Cpg Investigator says
Hi !!!!
Manually calculated %Dollar lift with base sales and incremental sales is different from data tool generated % dollar lift. The formula used is : (Incremental sales/Base sales)X100. I am perplexed by this. Time period is 52 weeks. Do data companies adjust %Dollar lift for longer time periods?
Sally Martin says
That formula is the correct formula and, in my experience, the one used by Nielsen and IRI.
You don’t say what your “data tool” is. If it’s not Nielsen/IRI software, perhaps a different formula *is* being used.
Another possibility is that the promotion conditions for the % lift calculation doesn’t match. For example, perhaps when you are making your manual calculation you are using total base and total incremental sales for all weeks BUT the data tool lift value is for the “Any Promotion” condition. If so, those % lift numbers won’t match.

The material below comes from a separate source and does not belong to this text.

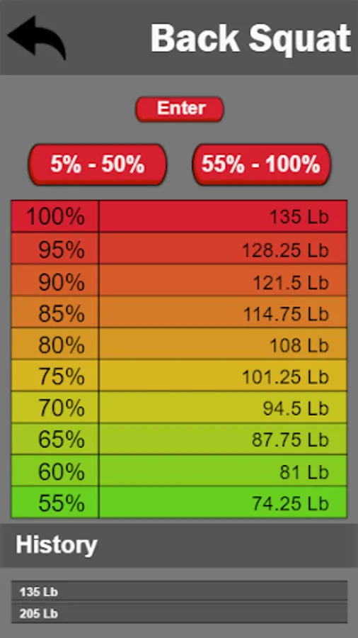 This app helps you calculate your PR percentages, save your PRs, and tells you how much weight do you have to put.

I don’t understand the last part of your question regarding % lift for longer time periods. If you want to reply and clarify the question, I’ll try to give you an answer.
himja says
First of all your posts are super helpful to understand soo many concepts. I am looking for a way to flag promotional weeks in my data in case I do not have Any_promo column. Is there a way to analytically flag promotional week just by using Total Units ?
Robin Simon says
I’m glad you’re finding the CPG Data Tip Sheet so useful! If your database does not have “Any Promo” or “Any Merch” facts then, unfortunately, there’s really no way to flag promotional weeks just using Total Units. Whether sales are promoted or not is determined at the store level, which is not available in most client databases. I guess at the banner/retailer-PPG/item-weekly level you might be able to tell there was a promotion if sales are noticeably higher than “usual,” however you decide what that is. But at any aggregated level of stores, items and weeks you can’t “back into” promoted weeks.